Derby

Smith of Derby clock engineers' race against time

  • 27 October 2013
  • From the section Derby
Clock tower at St Paul's Cathedral
Engineers will travel from St Paul's Cathedral to Newcastle Cathedral as part of their task to change 80 clocks across England and Wales
Derby Cathedral
Derby Cathedral is one of the stops on the engineers' journey which will start on Sunday and finish on Wednesday
Astronomical clock at Leicester University
The team will also manually change the astronomical clock at the University of Leicester

With the clocks going back this weekend most people will be looking forward to an extra hour in bed.

But a team of specialist engineers, from Derby, will be working flat out to turn back time on 80 clocks across England and Wales.

Specialist clockmakers Smith of Derby will be changing the times of clocks on famous landmarks, including St Paul's Cathedral in London.

A total of 18 field engineers were beginning the mammoth task on Sunday morning and are expected to finish on Wednesday.
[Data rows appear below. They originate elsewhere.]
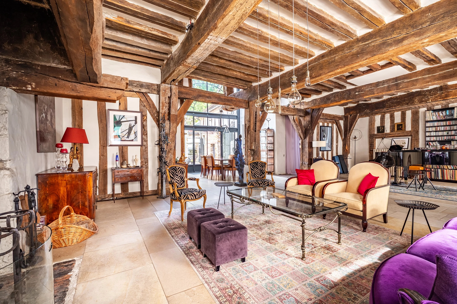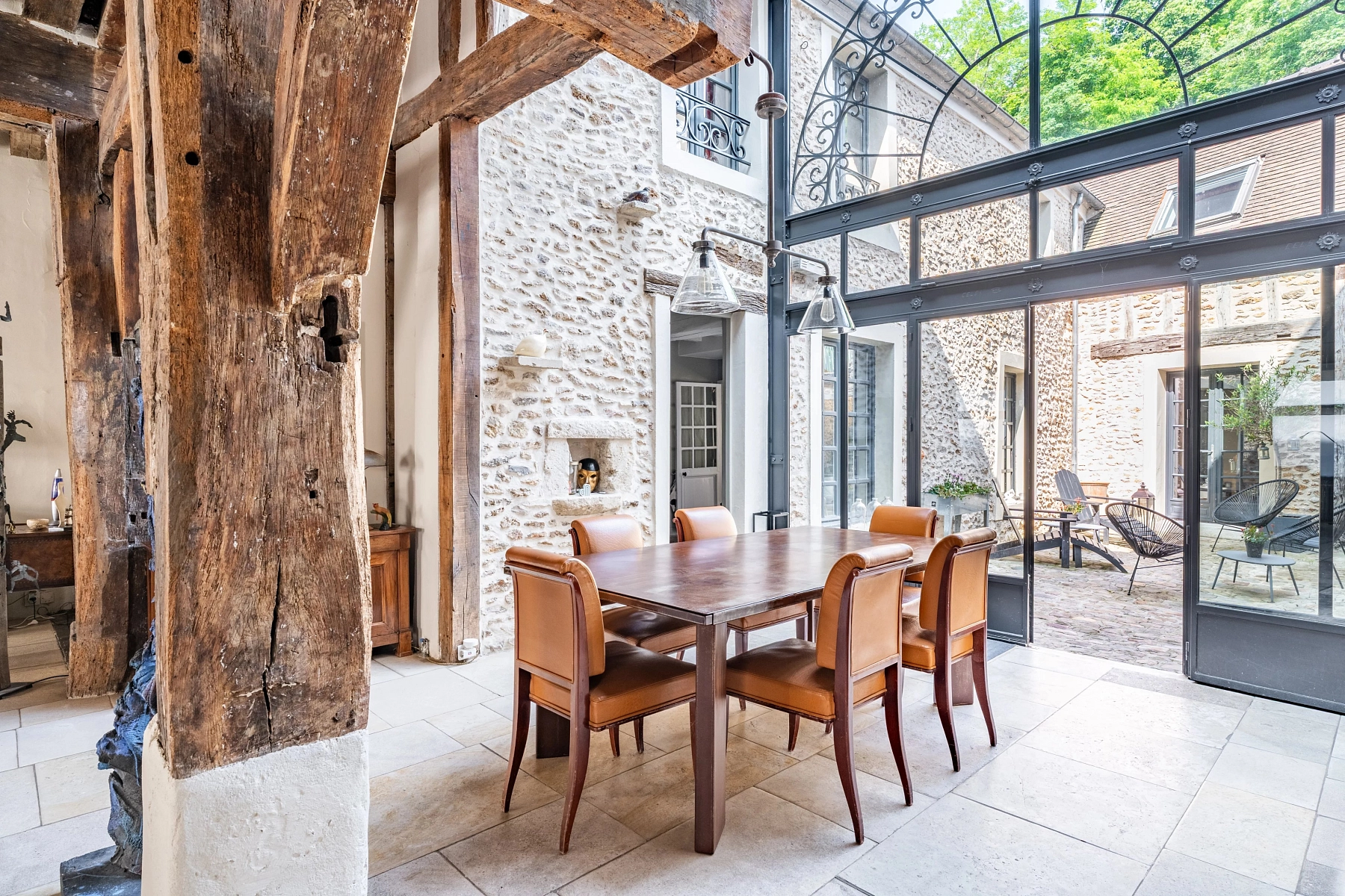 A 16th-century house with a basement, fully renovated in an authentic style, offers the privacy of a walled garden right in the center of the town of Montfort l’Amaury, approximately an hour’s drive west of Paris.
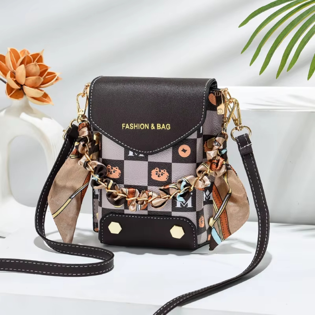 Playful Checkerboard Mini Phone Bag – Scarf & Chain Crossbody
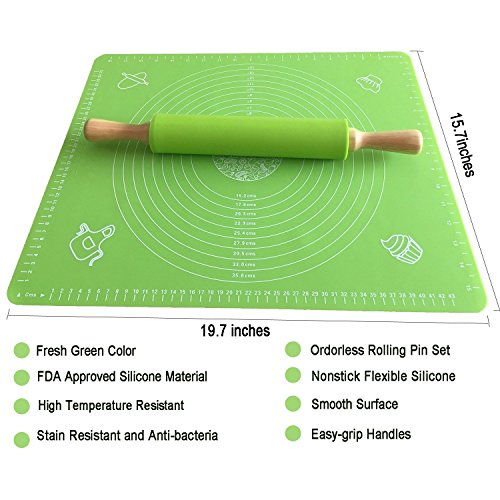 - PERFECT SIZE AND WEIGHT ENABLE SMOOTH ROLLING: The Nonstick Silicone Rolling Pin: 16.9 Inches in Length, weight: 360g/0.8LB, when using, you will definitely believe it is the best size and strength for rolling handle feeling, pastry sheet size: 15.7 X 19.7 Inches, Perfect size for our kitchen countertops. Silicone tie rope: 6.3 Inches. Proper to tie up some food bag.
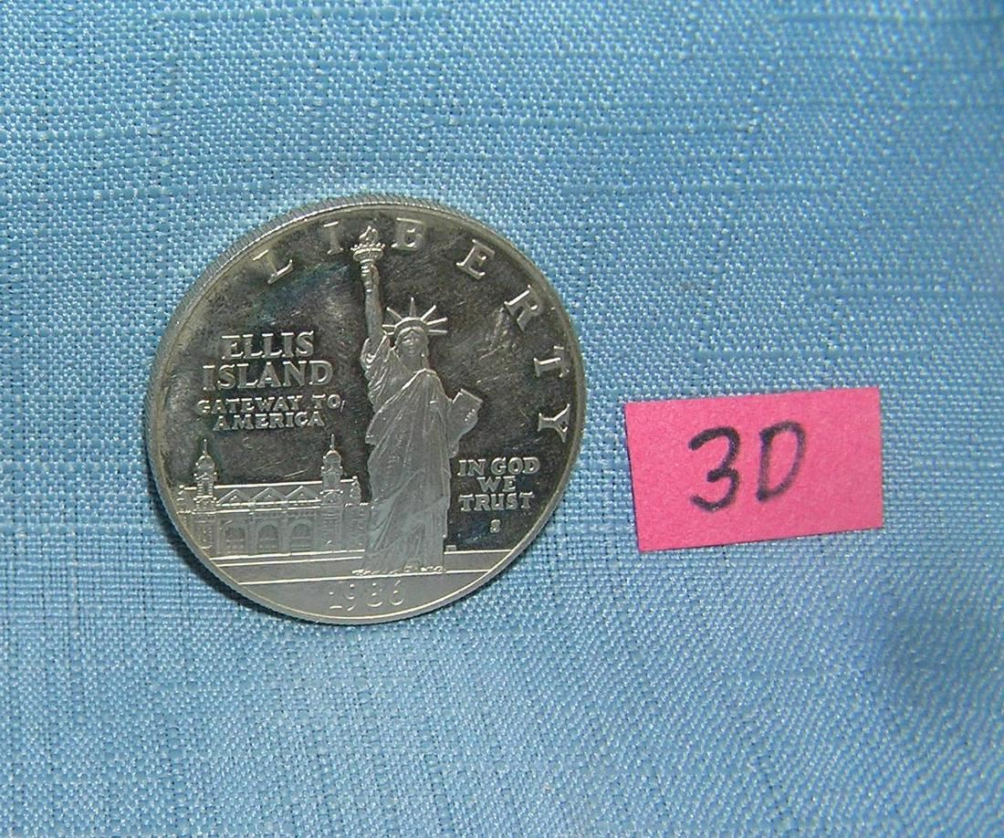 Ellis Island Gateway to America 1 troy oz silver commemorative coin pictures the Statue of Liberty est. value $40.00-$50.00

The majority of the time pieces are public or church clocks, including those on Newcastle Cathedral and on Nottingham's Victoria Shopping Centre.

Bob Betts, the firm's managing director, said the team can get the job done relatively quickly.

He said: "It is difficult to do it [turn back clocks] at a predetermined time and all at the same time, so we work very closely with the town halls and the parish councils to find out when is best to do it for them and get everyone alerted to that.

Leicester Square's musical clock features 27 bells

'I'm sure there'll be people saying: 'Is that the right time or is that the wrong time?' But we get there."

He said some of the clocks were hard to get to.

"The nature of a public clock is that it's usually in a tower, so our guys will have to climb up those 150 or so steps.

"Some have difficult access and will need scissor lifts or scaffolding and so on.

"We take it very seriously the up keep of our horology for the country," Mr Betts said.

He said the engineers would mostly not be pulling back clock hands but altering them from a mechanism usually at the side of a clock tower.

The 80 clocks need to be changed manually but most of the 4,750 clocks that the firm is responsible for servicing will update automatically, including the Swiss glockenspiel clock in London's Leicester Square.

Customers of the firm include the Queen of Tonga, who commissioned the firm to build her what it says is the "most remote clock in the world".

It has also built what it claims is one of the largest mechanical clocks for a time-themed attraction in the city of Ganzhou in China.